Как и всякая профсоюзная организация, наш местком доставал путевки в санатории и детские лагеря, «выбивал» сотрудникам театра квартиры или комнаты, а у нашей дирекции — премии, организовывал праздники и юбилеи. Игорь часто был инициатором капустников. Но главным достижением Кваши в этой должности было то, что он смог перенести отпуск в театре с сентября на август, по просьбе наших актрис-матерей. Ведь когда дети идут в школу, становится не до отдыха. Организовать это было технически очень трудно, требовалось внести изменения в огромное количество документов и получить массу разрешений. Но Кваша ходил в дирекцию, гневался, кричал, обосновывал, доказывал. А гнева его боялись! Когда он входил в раж и впадал в ярость, начинало трясти всех вокруг, и тут лучше всего было с ним согласиться и уступить.
Был смешной случай: Галя ведет репетицию, вдруг с бельэтажа раздается чей-то свист. Волчек командует «Стоп!» и начинает вглядываться в темноту зала — свист вроде бы смолкает. Репетиция продолжилась, и вдруг опять кто-то свистит. Галина Борисовна кричит: «Что за гад хулиганит?! Пойдите проверьте, кто там на бельэтаже!» И вдруг невозмутимый голос Кваши откуда-то сверху: «Галюнь, да это же я». — «Ах, это ты, Игорек… Ну, свисти, свисти», — тут же меняет тон Волчек.

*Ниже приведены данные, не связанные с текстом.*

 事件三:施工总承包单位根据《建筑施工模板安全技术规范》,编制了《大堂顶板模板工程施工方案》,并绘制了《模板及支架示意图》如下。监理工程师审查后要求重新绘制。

Игорь и Галя с института были самыми близкими друзьями. Однажды, уезжая в командировку, Волчек оставила Квашу в театре за старшего. Приезжает и обнаруживает, что он и Гафт, с которым Кваша всегда был в прекрасных отношениях, не разговаривают. Оказалось, за время ее отсутствия Игорь умудрился «влепить» другу официальный выговор. Такой уж у него был характер — бескомпромиссный, непримиримый.
Борис Любимов, и. о. ректора Высшего театрального училища имени М. С. Щепкина, заместитель художественного руководителя Малого театра:Я был пятиклассником, когда в гостях у Пети Штейна, с которым мы в школе сидели за одной партой, увидел Игоря Квашу на фотографии. Это была свадебная фотография Игоря и Татьяны — Петиной сестры по матери. Ни об актере Кваше, ни о театре «Современник» я тогда еще не слышал, и это неудивительно, потому что театр на тот момент еще даже не имел собственного здания.

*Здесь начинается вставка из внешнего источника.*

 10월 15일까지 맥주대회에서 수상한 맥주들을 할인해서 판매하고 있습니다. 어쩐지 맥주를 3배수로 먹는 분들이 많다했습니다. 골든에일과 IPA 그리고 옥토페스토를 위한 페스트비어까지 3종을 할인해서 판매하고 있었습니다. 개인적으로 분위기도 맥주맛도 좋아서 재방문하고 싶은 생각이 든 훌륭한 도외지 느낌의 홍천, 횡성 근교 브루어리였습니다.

Наша семья жила в писательском доме недалеко от метро «Аэропорт». По лестничной клетке с нами соседствовал драматург Викто р Розов (кстати, с постановок именно его пьес начался «Современник»), на три этажа выше — Алексей Арбузов, а напротив нас — драматург Александр Штейн, отец Пети и отчим Татьяны. На правах родственника исполнителя главной роли Петя в первый раз повел меня в «Современник» — тогда спектакли шли в зале гостиницы «Советская» (там теперь театр «Ромэн»). В спектакле «Два цвета» Игорь Кваша играл главную роль. Петя Штейн, даром что пятиклассник, в первый наш поход в «Современник» был в костюме и галстуке, а я просто в пиджаке. И когда мы с ним после спектакля зашли за кулисы, Олег Табаков меня спросил: «А ты почему не в галстуке?» Я очень смутился и с тех пор терпеть не могу галстуки, по возможности стараюсь их не носить.

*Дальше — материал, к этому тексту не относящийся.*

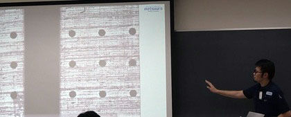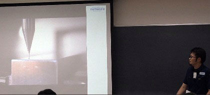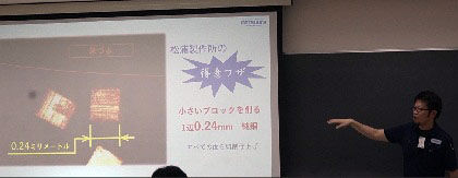 製作物のサンプルとして1辺0.24mmの純銅製のブロックの加工物の写真を見せていただけました。色川氏もお話しされていましたが、「どうやって固定するのだろう?」と純粋に思いました。この辺は企業のノウハウなので " 秘密 " なのが当たり前ですよねぇ。

По-настоящему общаться с актерами «Современника» я стал, когда в 16 лет из обычной школы перешел в школу рабочей молодежи и устроился работать осветителем в «Современник». Моя работа пришлась на сезон 63—64-го годов, Игорь тогда в качестве режиссера ставил спектакль «Сирано де Бержерак», где сам исполнял роль Сирано, а на роль Роксаны назначил Людмилу Гурченко. Для удобства репетиций вторым составом он ввел на свою роль Мишу Козакова, который тоже мечтал сыграть Сирано. Надо сказать, что режиссером Игорь был требовательным. Как-то раз в своей осветительской работе я что-то напортачил, и он на меня та-а-ак рыкнул! Но это, конечно, по большей части был педагогический прием, чтобы я прочувствовал, что здесь я не обитатель дома у метро «Аэропорт», а рабочий «Современника». Того благодушия, той терпеливой доброжелательности, которые проснулись у Игоря в передаче «Жди меня», в то время за ним не наблюдалось.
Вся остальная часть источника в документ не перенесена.